Using the listing below, set down exactly the lines starting at the line that contains "MARKS & SPENCER" and ending at the line that contains "Pink leopard print", both included, and no others.

*Given data*:
────────────────

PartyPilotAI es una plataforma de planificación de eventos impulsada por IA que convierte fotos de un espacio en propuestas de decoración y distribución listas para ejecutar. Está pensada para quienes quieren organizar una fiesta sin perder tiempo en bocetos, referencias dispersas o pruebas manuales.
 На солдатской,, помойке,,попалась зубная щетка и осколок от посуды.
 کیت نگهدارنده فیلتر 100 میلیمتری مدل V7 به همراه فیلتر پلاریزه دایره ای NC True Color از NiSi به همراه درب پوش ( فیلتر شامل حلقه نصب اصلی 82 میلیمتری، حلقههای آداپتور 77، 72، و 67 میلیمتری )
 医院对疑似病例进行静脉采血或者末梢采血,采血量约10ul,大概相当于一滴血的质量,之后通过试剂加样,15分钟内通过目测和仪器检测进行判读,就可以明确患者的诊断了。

────────────────

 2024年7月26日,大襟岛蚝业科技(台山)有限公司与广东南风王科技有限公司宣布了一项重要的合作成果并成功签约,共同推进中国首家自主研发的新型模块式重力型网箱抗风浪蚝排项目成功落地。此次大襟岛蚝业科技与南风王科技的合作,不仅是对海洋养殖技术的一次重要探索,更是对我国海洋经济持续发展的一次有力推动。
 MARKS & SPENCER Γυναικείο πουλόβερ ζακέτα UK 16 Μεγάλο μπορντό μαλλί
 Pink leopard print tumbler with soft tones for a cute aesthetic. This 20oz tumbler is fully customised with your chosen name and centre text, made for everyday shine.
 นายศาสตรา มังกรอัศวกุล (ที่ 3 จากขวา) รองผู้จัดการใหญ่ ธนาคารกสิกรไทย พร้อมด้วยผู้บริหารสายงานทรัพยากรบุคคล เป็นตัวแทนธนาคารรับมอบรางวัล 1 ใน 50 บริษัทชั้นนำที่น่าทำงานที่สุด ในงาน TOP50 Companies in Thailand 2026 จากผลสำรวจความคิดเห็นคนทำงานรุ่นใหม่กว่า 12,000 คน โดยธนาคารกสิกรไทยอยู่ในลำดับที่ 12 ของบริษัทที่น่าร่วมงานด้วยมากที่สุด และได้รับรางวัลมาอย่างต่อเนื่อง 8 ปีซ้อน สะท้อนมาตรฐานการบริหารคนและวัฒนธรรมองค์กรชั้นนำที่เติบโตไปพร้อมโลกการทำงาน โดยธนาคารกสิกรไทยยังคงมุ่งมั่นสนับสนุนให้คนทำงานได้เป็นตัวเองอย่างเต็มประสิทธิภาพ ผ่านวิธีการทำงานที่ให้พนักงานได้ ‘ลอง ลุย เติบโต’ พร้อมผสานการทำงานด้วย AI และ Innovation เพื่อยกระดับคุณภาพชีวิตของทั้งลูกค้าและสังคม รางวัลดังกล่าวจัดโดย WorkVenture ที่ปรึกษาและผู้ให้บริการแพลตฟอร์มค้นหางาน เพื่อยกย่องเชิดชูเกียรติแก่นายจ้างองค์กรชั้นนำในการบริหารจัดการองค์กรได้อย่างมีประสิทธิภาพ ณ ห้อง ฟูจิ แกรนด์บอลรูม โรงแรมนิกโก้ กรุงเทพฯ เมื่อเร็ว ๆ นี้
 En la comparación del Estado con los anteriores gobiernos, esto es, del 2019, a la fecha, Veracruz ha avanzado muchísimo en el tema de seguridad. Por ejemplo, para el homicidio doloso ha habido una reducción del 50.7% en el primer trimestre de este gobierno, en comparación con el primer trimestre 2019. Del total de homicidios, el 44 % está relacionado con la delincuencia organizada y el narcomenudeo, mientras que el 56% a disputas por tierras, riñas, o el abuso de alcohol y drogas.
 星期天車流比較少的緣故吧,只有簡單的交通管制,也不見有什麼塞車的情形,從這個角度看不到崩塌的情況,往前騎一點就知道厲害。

────────────────

*Answer to this exercise*:
 MARKS & SPENCER Γυναικείο πουλόβερ ζακέτα UK 16 Μεγάλο μπορντό μαλλί
 Pink leopard print tumbler with soft tones for a cute aesthetic. This 20oz tumbler is fully customised with your chosen name and centre text, made for everyday shine.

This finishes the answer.